We’ve gone all out on our new integration with Microsoft Teams. If you’re a MS Teams user, FireHydrant now supports the most comprehensive integration for incident management. Run the entire IM process without ever leaving the chat.

Written by a GitHub employee, this article seeks to answer the titular question, with discussions of noise reduction concerns and incidents that affect only a subset of customers.

  Ross Brodbeck

Wow, this incident is a really great example of the idea that there is no one single root cause.


Understand the safeguard configuration of the ArgoCD’s ApplicationSet through the experience of our SRE who learned from an incident

  Tanat Lokejaroenlarb — Adevinta

Sometimes it’s better to do something in multiple passes, even if it’s less efficient. This applies to individual programs and major deployments alike.

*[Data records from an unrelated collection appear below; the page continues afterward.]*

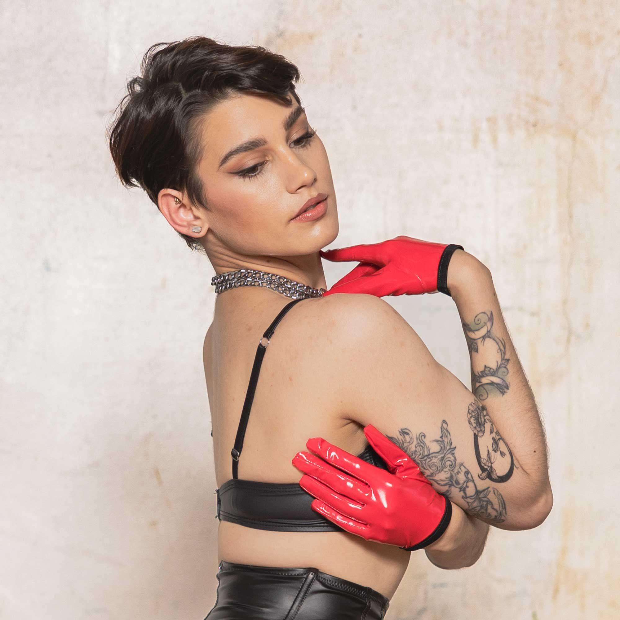 Deze handschoenen kun je perfect dragen om je lak jurk of lak setje spannender of sexier te maken..
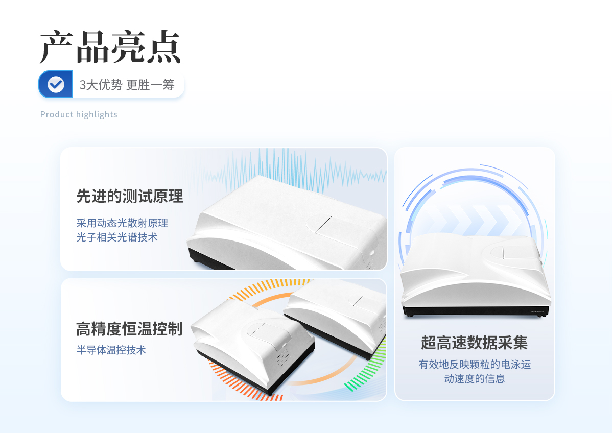 双波长激光器,全自动切换 独家采用双波长(λ= 405nm、λ= 532nm)激光器搭建而成的光路系统,相关谱探测系统不仅体积小,而且具有很强的抗干扰能力,从而保证了测试的稳定性;对某些具有吸光属性,传统单一波长激光器无法检测的样品,可进行有效检测;**的测试原理 采用动态光散射原理和光子相关光谱技术,根据颗粒在液体中的布朗运动速度测定颗粒大小。大小颗粒运动速度不同,激光照射这些颗粒,不同大小的颗粒将使散射光发生快慢不同的涨落起伏。光子相关光谱法就根据特定方向的光子涨落起伏分析其颗粒大小。超高速数据采集 使用PCS技术测定纳米级颗粒大小,必须能够分辨纳秒级信号起伏。本仪器的核心部件采用我公司研制的CR256数字相关器,具有识别8ns的**分辨能力和**的信号处理速度,其数据处理速度高达162M。它能实时完成动态散射光强的采集和自相关函数运算,从而有效地反映不同大小颗粒的动态分光散射信息,为测试结果的准确性典型基础。高灵敏度和信噪比 采用专业级高性能光电倍增管,对光子信号具有**的灵敏度和信噪比。高精度双温控保护系统 采用半导体温控技术,样品池温控系统和激光器温控系统精度高达±0.1℃,使被测样品和激光器光源在整个测试过程中都处于恒温状态,避免温度变化对不测试结果的影响,确保测试准确和重复;稳定的光路系统 采用光纤技术搭建而成的光路系统,使光子相关谱探测系统不仅体积小,而且具有很强的抗干扰能力,从而保证了测试的稳定性。
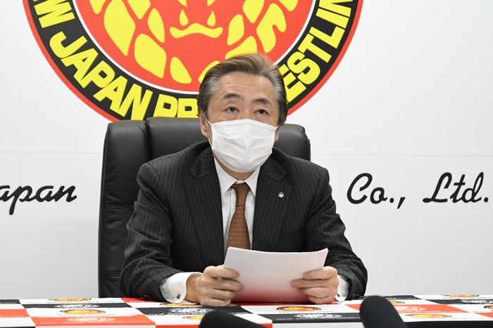 「ご視聴の皆様、こんにちは。本日はオンラインでの会見となりますが、ご視聴いただき、ありがとうございます。早速ですが、私より発表させていただきます。まず、二冠王者の飯伏幸太選手よりかねてより要望がございました二冠統一に関してですが、昨日の結果も踏まえ、当社で協議した結果、現王者の意向も尊重し、IWGPヘビー級王座とIWGPインターコンチネンタル王座を統一し、両王座の歴史を継承したIWGP世界ヘビー級王座を新たに制定することになりました。また、ベルトも新調いたします。これにより、初代王者は飯伏幸太選手に認定し、初防衛戦は4月4日両国国技館大会にて『NEW JAPAN CUP 2021』の優勝者とおこなうことといたします。」
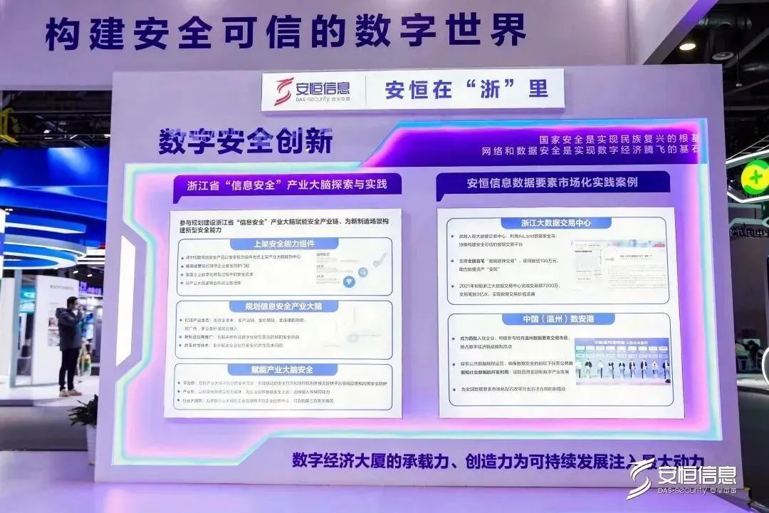 首届数贸会由浙江省人民政府和商务部联合主办,杭州市人民政府、浙江省商务厅和商务部贸发局共同承办。安恒信息深度参与本届数贸会,以“筑牢数字化安全根基”为主题,在数字品牌馆、数字消费馆和综合馆三大展馆全面开花,展示我们在“浙”里的创新成果,在数据安全、安全运营服务、终端安全的行业实践,在威胁情报、科技反诈的前沿探索,以及智慧城市和国家重大赛事网络安保案例,多角度多维度呈现安恒信息在数据安全治理、安全场景赋能、企业数字化改革等方面的综合实力。
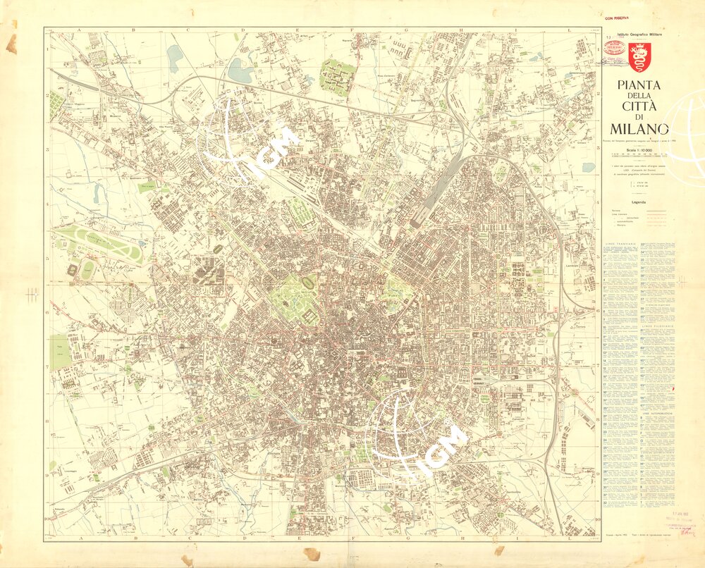 Ricavata dal fotopiano geometrico eseguito con fotografie aeree del 1950. I valori dei parametri sono riferiti all’origine catastale: Lodi (Campanile del Duomo) di coordinate geografiche (ellissoide internazionale). La pianta fu disegnata su copirite ed iniziata nell’Ottobre del 1951 col disegno del fondo caseggiati e strade, colore base per gli altri che seguirono nell’ordine di lavoro: nero (ferrovie, toponimi e cornice), bistro (orografia e parametri), verde scuro (giardini e alberature), blu (acque), rosso (linee tranviarie e automobilistiche), verde chiaro (fondo campagne). Contemporaneamente al disegno, fu iniziata la stesura dei toponimi da inviare in tipografia per la composizione e la stampa su carta americana. I nomi furono divisi per carattere e il carattere per corpi, mentre un ulteriore frazionamento si ebbe nella riproduzione per la stampa delle copie fotografiche. Il lavoro di disegno e di revisione fu terminato nell’Aprile del 1952. E’ allegato un indice toponomastico delle: Vie, Viali, Corsi, Piazze, Piazzali, Larghi, Bastioni, Porte, Edifici Pubblici e Chiese. Con velina.
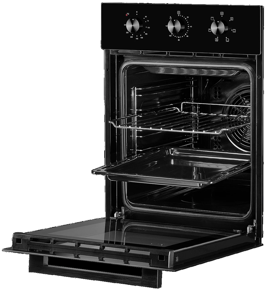 i У духового шкафа может быть газовый или электрический тип питания. Газовые духовки экономичнее, а электрические имеют больше режимов работы.
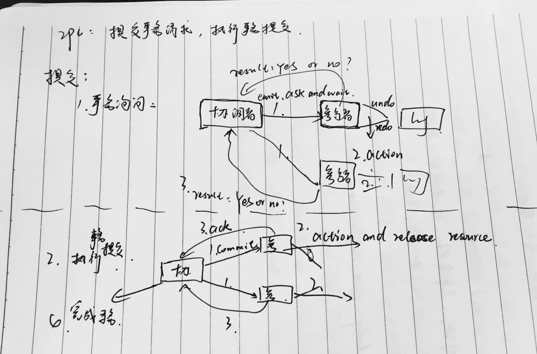 5最后是docommit,如果协调者收到第二阶段的所有参与者的ack请求,则向参与者发送docommit请求,执行事务的提交。参与者收到docommit请求后执行事务的提交,成功后释放事务资源,并向协调者发送ACK反馈。协调者收到所有的参与者反馈后,完成事务的提交。
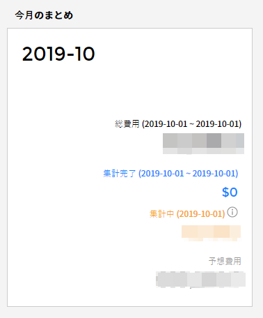 - 集計完了:1日から現在まで集計完了した全体のコストを表示します。
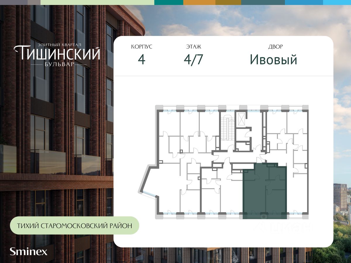 "Тишинский бульвар" - тихий зелёный элитный квартал на Тишинке, в престижном и комфортном районе центра Москвы. В нём создан уникальный для элитного дома прогулочный бульвар в своём огромном парке 1,9 га. В парке оборудованы зоны для активного и тихого отдыха, крытые галереи, приватные зелёные комнаты, многофункциональная спортивная площадка, воркаут-зона, детская площадка, сухой фонтан, ручей.
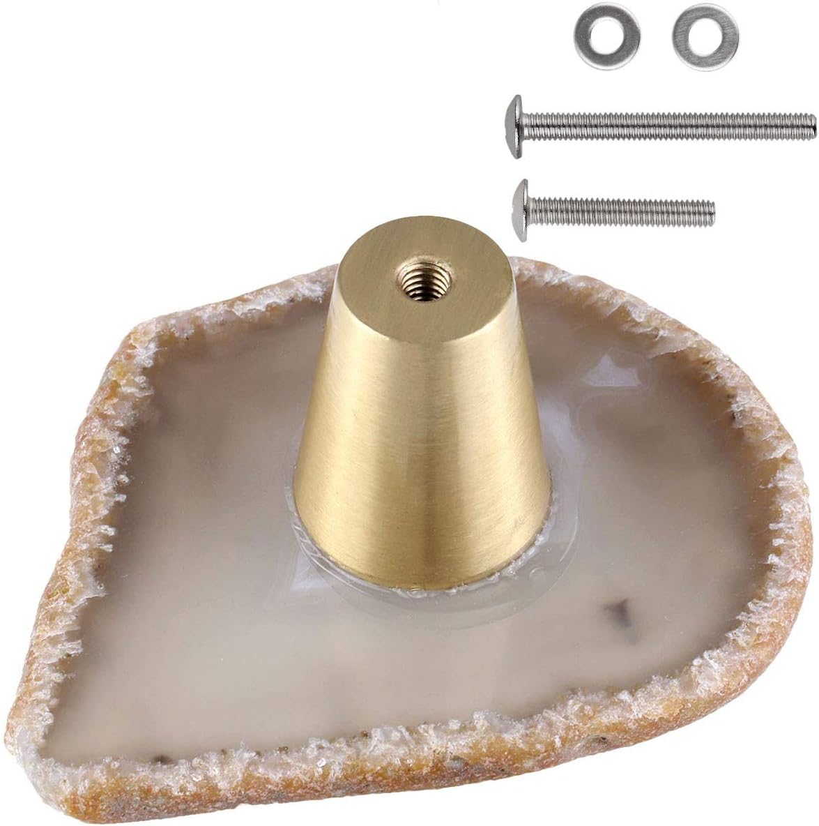 - Material: Des Unregelmässig Schrankknöpfe besteht aus Achat Scheiben und Messing. Das Achat Scheiben sieht sehr hell und schön aussehen, eine einzigartige Ader haben. Messing ist nicht leicht zu rosten, langlebig. Da jedes Achat Scheiben ein Unikat
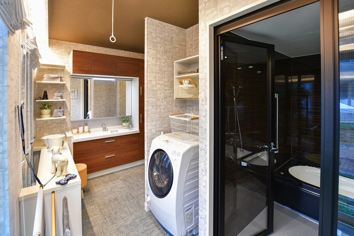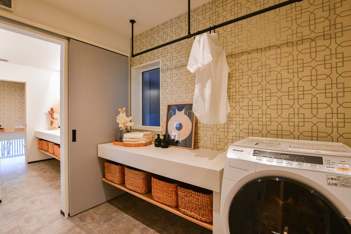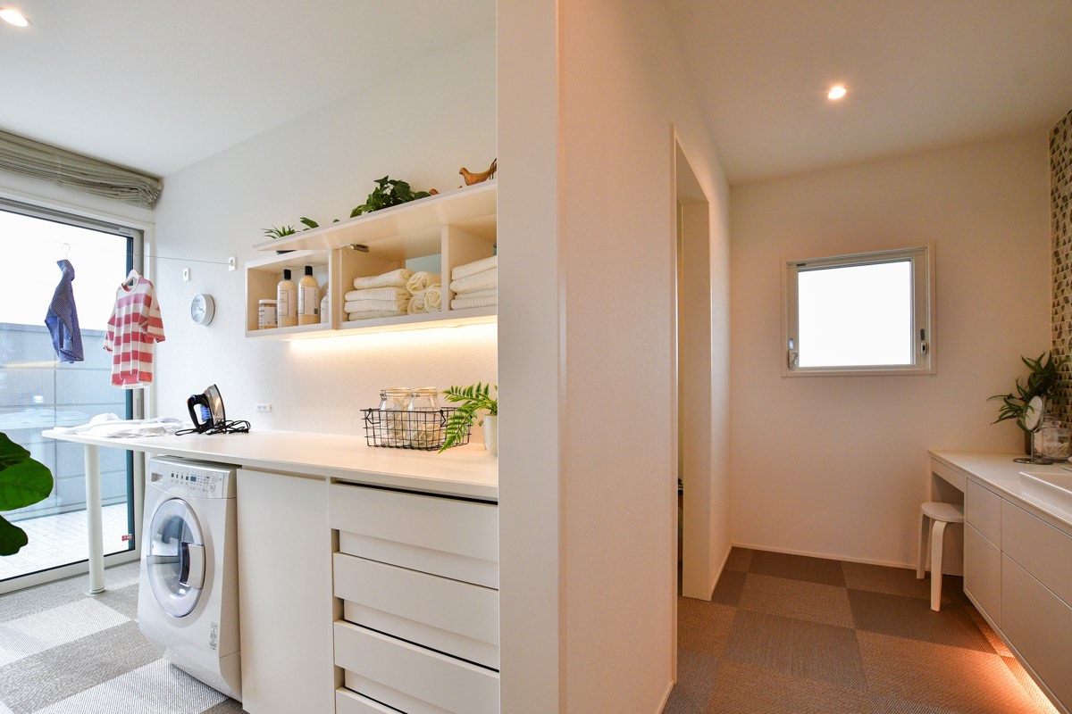 洗面脱衣室には室内物干しやカウンターを採用しており、洗濯物を洗ってから乾かす、そして畳むが1か所で完結できる。家事の負担や時間の短縮ができ、その分家族団らんの時間が増やせる魅力的なサニタリー。
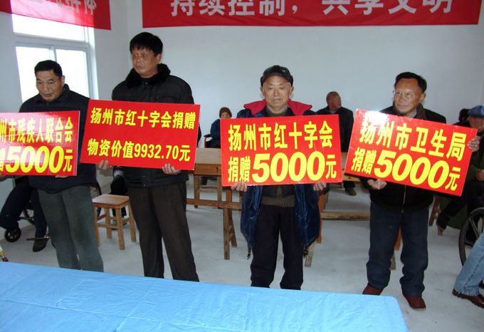 元月29日是2012年“世界防治麻风病日”,2012年1月18日,扬州市政府副市长董玉海率领市卫生局、红十字会、残联、疾控中心等相关部门领导,来到邗江区皮肤病防治院麻风康复村,向麻风病休养员、麻风病防治工作者表示节日祝贺和亲切慰问,并给他们送去慰问金及食品、衣物等生活必需品,让麻风病休养员充分感受到政府和社会的关爱。
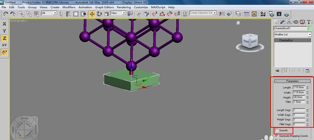 1、單擊(創建)/(幾何體)/【Box】(長方體)按鈕,在前視圖中單擊并拖動鼠標創建一個長方體,修改參數。
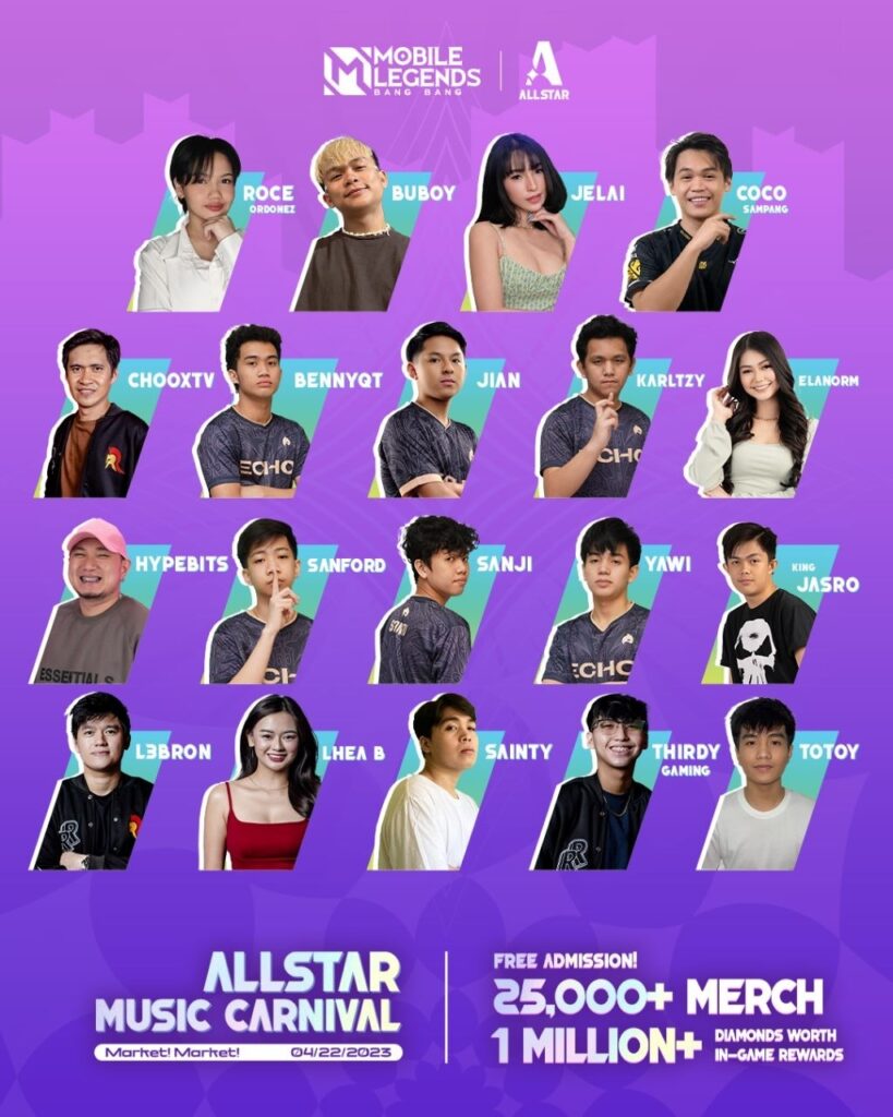 Mobile Legends: Bang Bang Philippines will mount its first MLBB-themed music carnival event to gather users around Metro Manila on April 22, 2023, in Market Market, Taguig. The event will be spearheaded by famous artists and MLBB creators ChooxTV, Jelai Andres, Buboy Villar, and a secret bida who have been part of the Be The Bida campaign that aims to encourage users to be their own superstar.
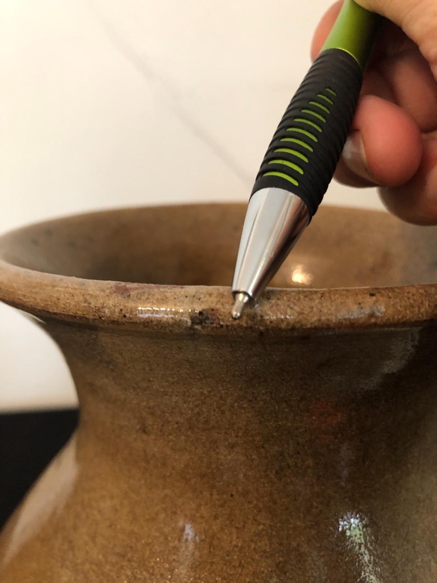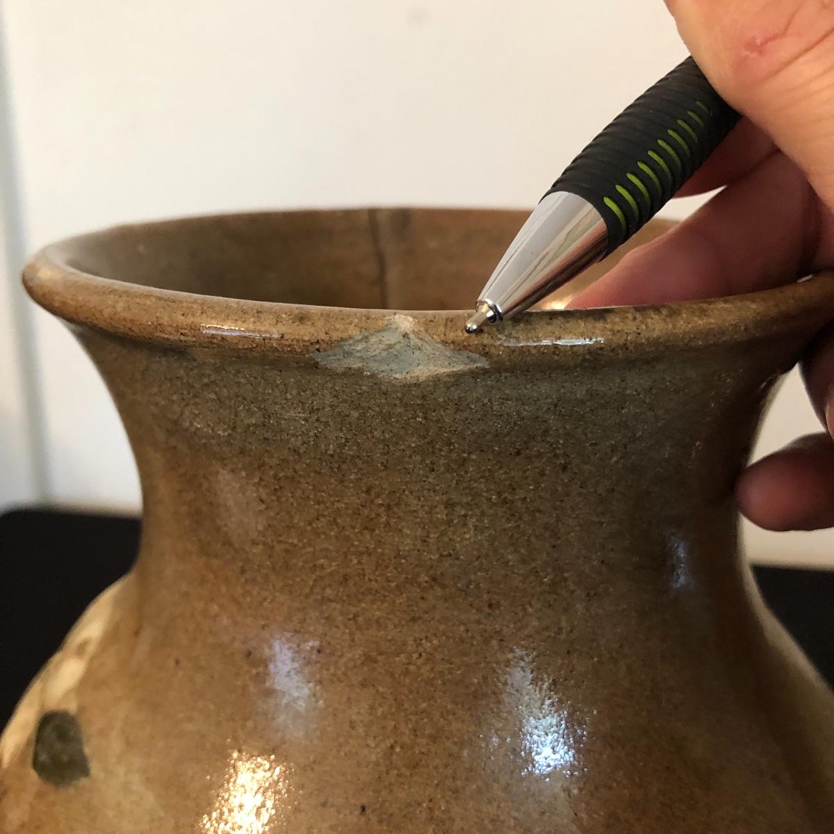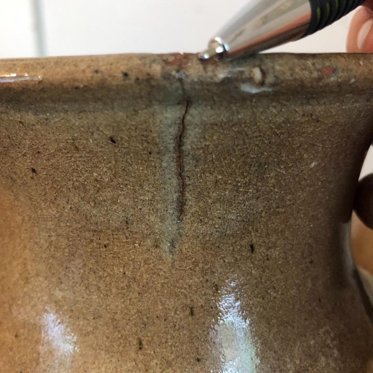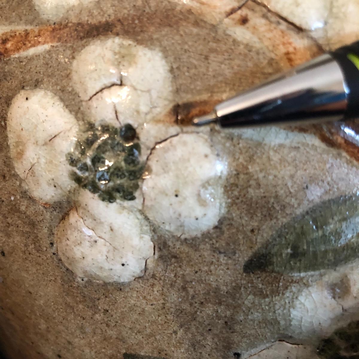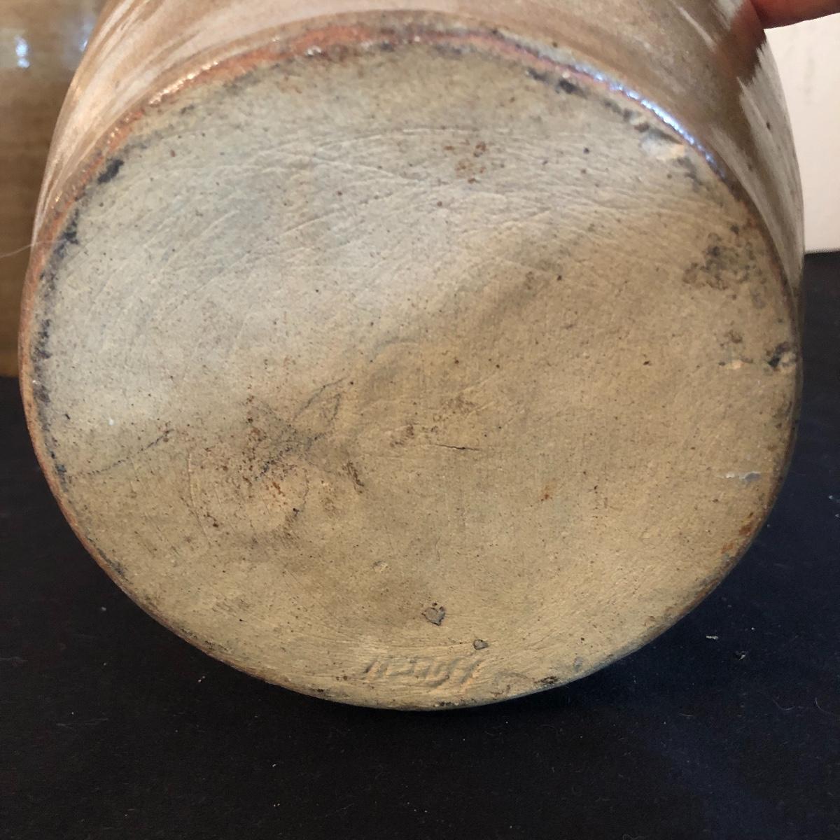 Renowned for their raised dogwood motif, this matching pair of vases are stamped Hilton. One has a hairline crack in the rim and a chip, the other has a tiny chip in it’s; both have hairline cracks in the petals that do appear to have happened during firing, see images. Note that only one bares the Hilton stamp.
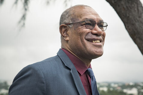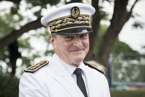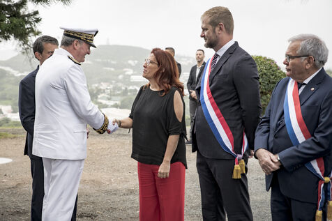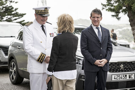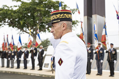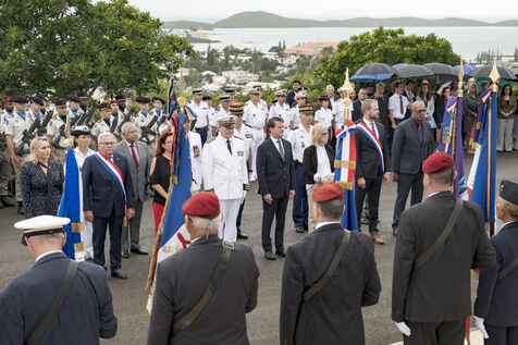 French High Commissioner Jacques Billant, in office for two days in New Caledonia, lays a wreath at the Croix de Lorraine in Noumea, in the presence of French Overseas Minister Manuel Valls, on an official visit to the territory. Caledonian elected representatives were also present.
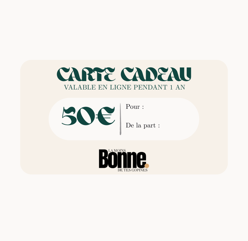 Offrez le cadeau parfait avec notre carte cadeau de 50€ ! Simple et pratique, elle permet à vos proches de choisir ce qui leur fait vraiment plaisir.

  Thomas A. Limoncelli — ACM Queue

Another thought-provoking take on the argument that there is no one root cause.

  Lorin Hochstein

I referenced this at work the other day, but the interesting bit is that the pod-eviction-timeout option has been removed in Kubernetes 1.27 and I’ve had difficulty finding out what it was replaced by.

  Bhargav Bhikkaji

How to use llama-2 7b to generate summaries of your incidents, using Cloudflare workers and Workers AI.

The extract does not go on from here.